◆ **Exercise**: Some of the lines below need repeating. Reproduce exactly those between the lines holding "S Collection wooden" and "The Snowflake ARA-C01", inclusive.

◆ **Supplied data**:
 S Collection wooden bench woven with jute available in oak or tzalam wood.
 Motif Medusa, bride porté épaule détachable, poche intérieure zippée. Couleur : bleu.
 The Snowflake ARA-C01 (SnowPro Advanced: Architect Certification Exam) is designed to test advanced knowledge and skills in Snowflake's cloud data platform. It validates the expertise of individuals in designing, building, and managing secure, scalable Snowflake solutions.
--
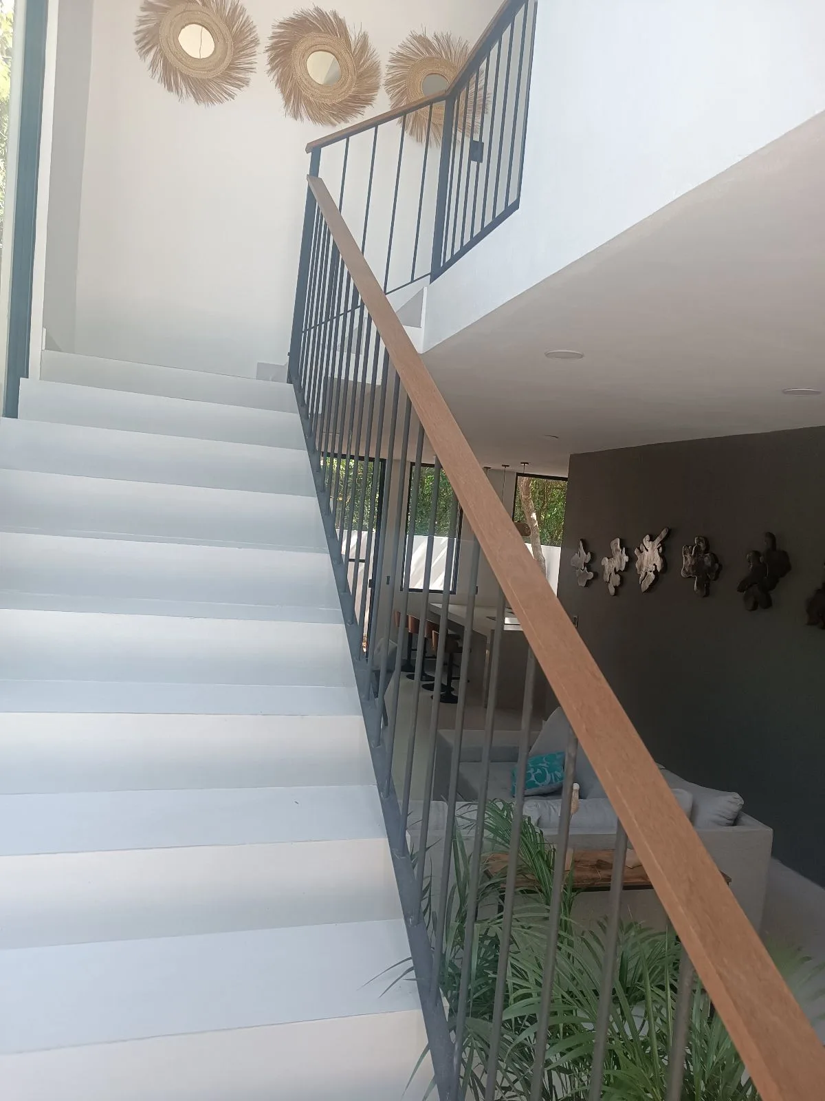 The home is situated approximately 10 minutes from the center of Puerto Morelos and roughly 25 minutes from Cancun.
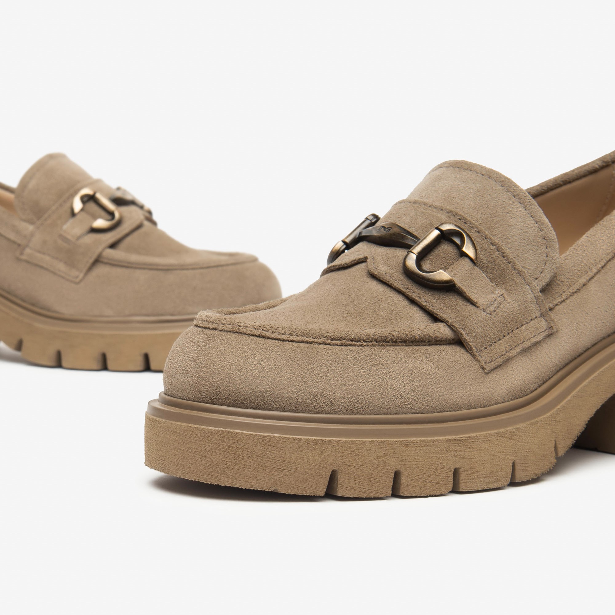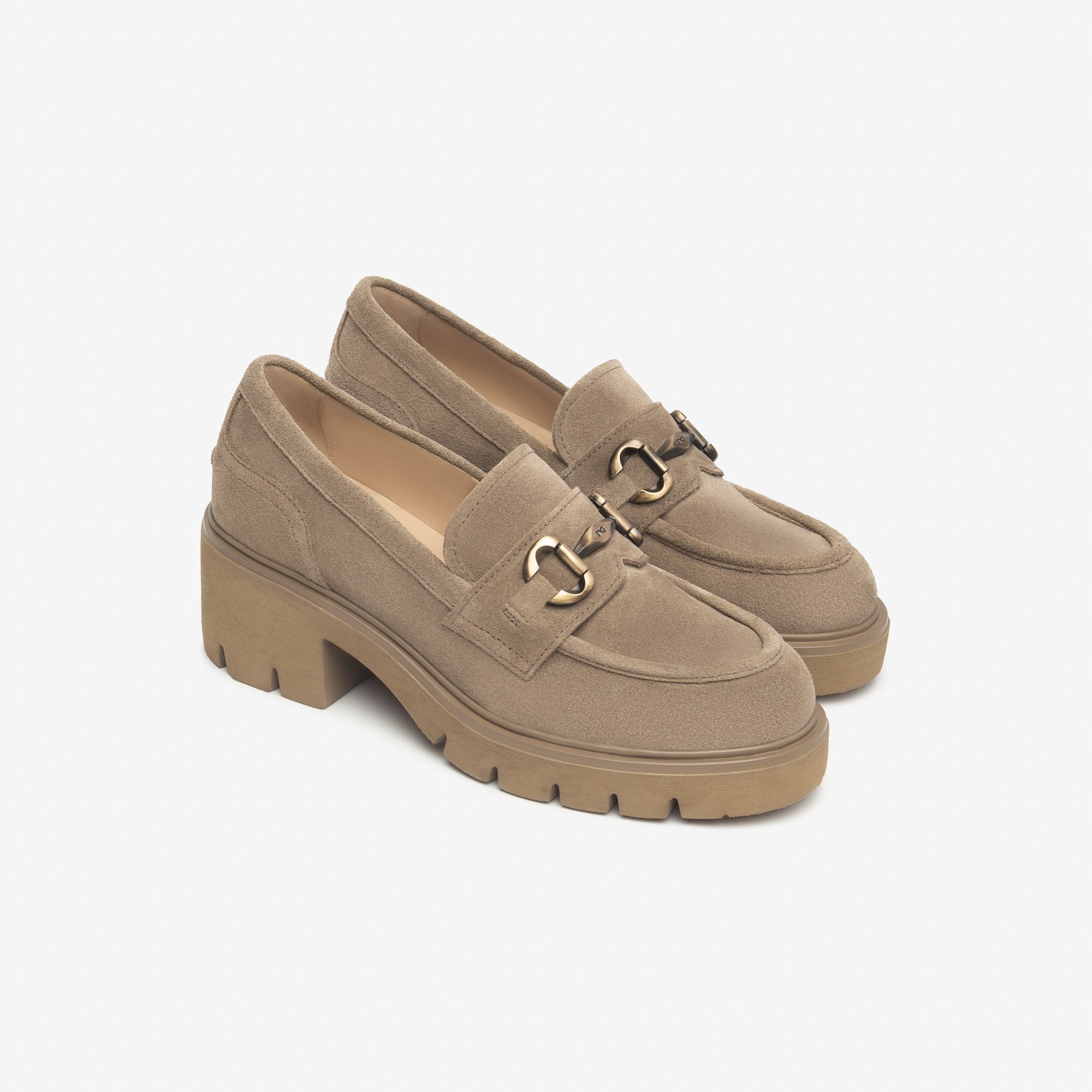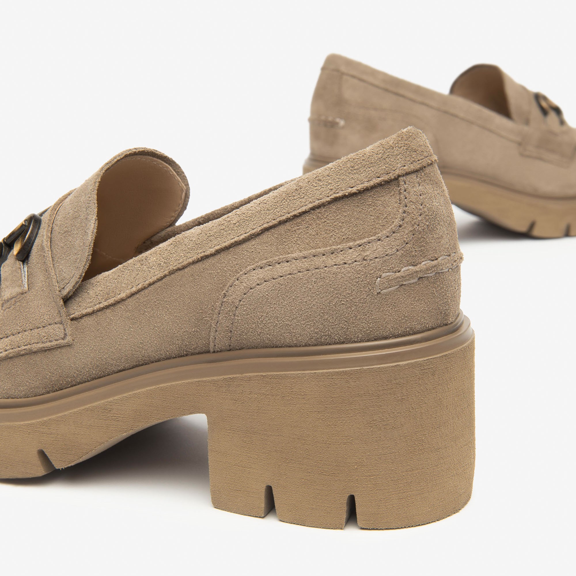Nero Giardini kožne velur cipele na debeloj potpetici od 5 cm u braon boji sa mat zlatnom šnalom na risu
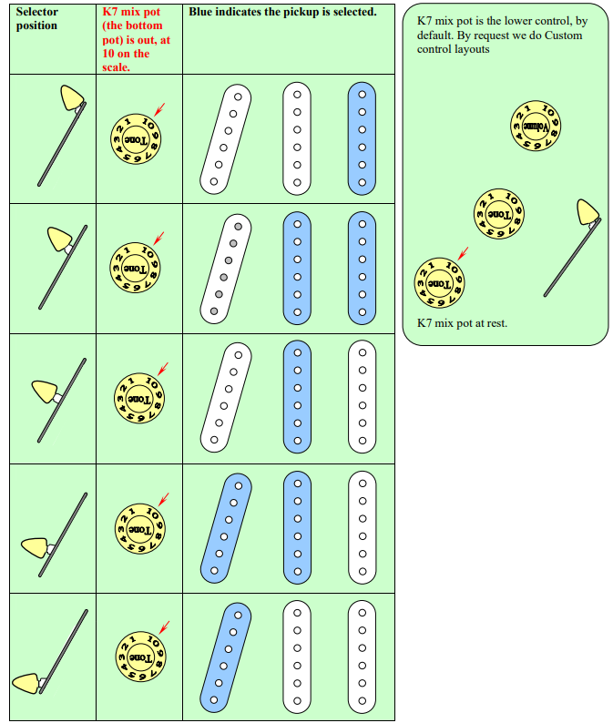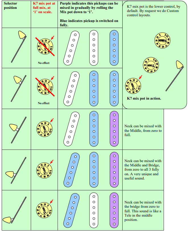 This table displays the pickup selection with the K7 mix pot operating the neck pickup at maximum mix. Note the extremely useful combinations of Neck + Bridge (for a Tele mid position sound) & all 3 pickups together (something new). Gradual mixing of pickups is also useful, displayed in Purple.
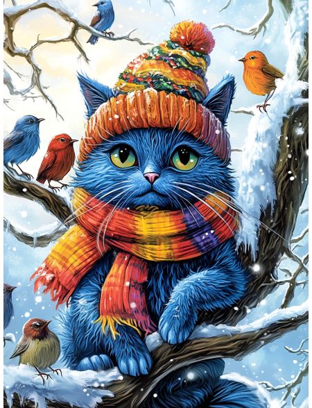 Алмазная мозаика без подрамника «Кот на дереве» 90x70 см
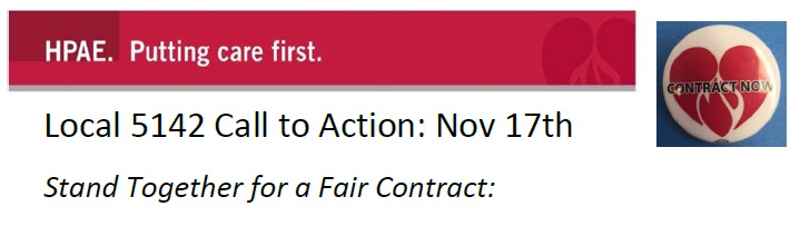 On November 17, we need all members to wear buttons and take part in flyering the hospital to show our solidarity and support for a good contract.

◆ **Finished exercise**:
 S Collection wooden bench woven with jute available in oak or tzalam wood.
 Motif Medusa, bride porté épaule détachable, poche intérieure zippée. Couleur : bleu.
 The Snowflake ARA-C01 (SnowPro Advanced: Architect Certification Exam) is designed to test advanced knowledge and skills in Snowflake's cloud data platform. It validates the expertise of individuals in designing, building, and managing secure, scalable Snowflake solutions.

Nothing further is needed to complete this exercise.